Investor asing mencatatkan aksi jual bersih atau net foreign sell pada saham PT Bank Central Asia Tbk (BBCA) senilai Rp2,32 triliun di Bursa Efek Indonesia (BEI) selama periode 2 hingga 5 Juni 2026.
Aksi lepas saham oleh pemodal internasional tersebut menjadi yang terbesar di tengah pelemahan Indeks Harga Saham Gabungan (IHSG) yang merosot sebesar 8,69 persen pada pekan yang sama.
Berdasarkan laporan BEI yang dihimpun melalui data Stockbit, tekanan jual massal ini berdampak langsung pada koreksi harga saham blue chip BBCA sebesar 11,74 persen menjadi Rp5.075 per lembar saham.
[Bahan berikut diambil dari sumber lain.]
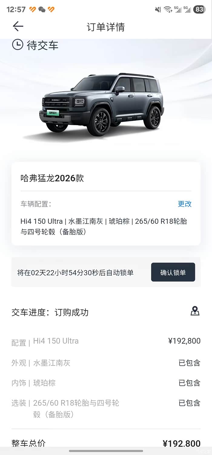 考虑到内蒙的用车环境,就想换个四驱SUV,预算有限,而且很认同长城这个品牌,老板不浮夸,很务实,造出来的车肯定不会太差,所以刚开始看了哈弗枭龙,感觉还不错,逛车友圈看有人不如上猛龙,我就顺便去看看,结果一看就种草了,尤其是那个方盒子造型,而且还可以选装265的大宽胎,还有全尺寸的备胎,这些都甚得我心,然后就开始研究配置,对比了又对比,pro版比ultra版,觉得有后锁出去野的上限更高;电池磷酸铁锂对比三元锂,感觉磷酸铁锂更安全;有智驾对比无智驾,对我一个老司机来说,还是把方向盘握在自己手里更放心。加上想要国庆前提车,所以就没纠结,直接定了Hi4 150 Ultra版,选装了江南水墨灰的车漆和最喜欢的R18 265 60的大宽胎。
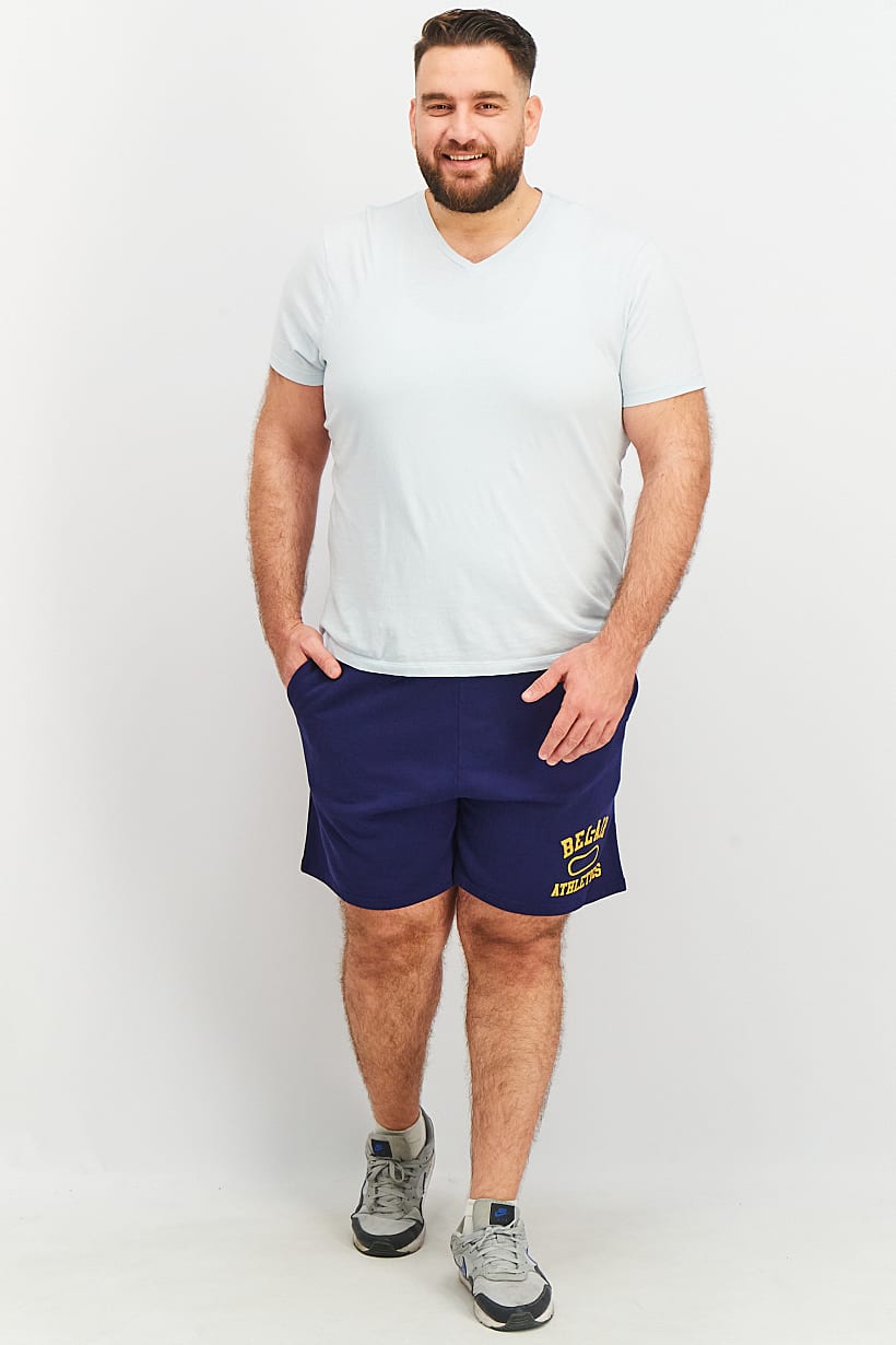 This product is easy to care for as it is machine washable. It has a sportswear fit and is available in international sizes. The fabric is light and made of 100% cotton, making it suitable for training. The shorts have a drawstring closure at the bottom and feature a graphic print. Please note that the product color may vary slightly due to photographic lighting sources or monitor settings. These shorts are perfect for sports occasions and fall under the blue color family.

Secara keseluruhan, pasar saham domestik mengalami tekanan hebat dengan total nilai penjualan bersih oleh investor asing mencapai Rp7,39 triliun dalam kurun waktu sepekan tersebut.
Selain menyasar BBCA, tren pelepasan aset oleh investor luar negeri juga melanda sejumlah emiten perbankan besar lainnya serta sektor infrastruktur dan energi.
Data menunjukkan bahwa emiten perbankan pelat merah seperti PT Bank Rakyat Indonesia Tbk (BBRI), PT Bank Mandiri Tbk (BMRI), dan PT Bank Negara Indonesia Tbk (BBNI) turut bertengger dalam daftar sepuluh saham yang paling banyak dilepas.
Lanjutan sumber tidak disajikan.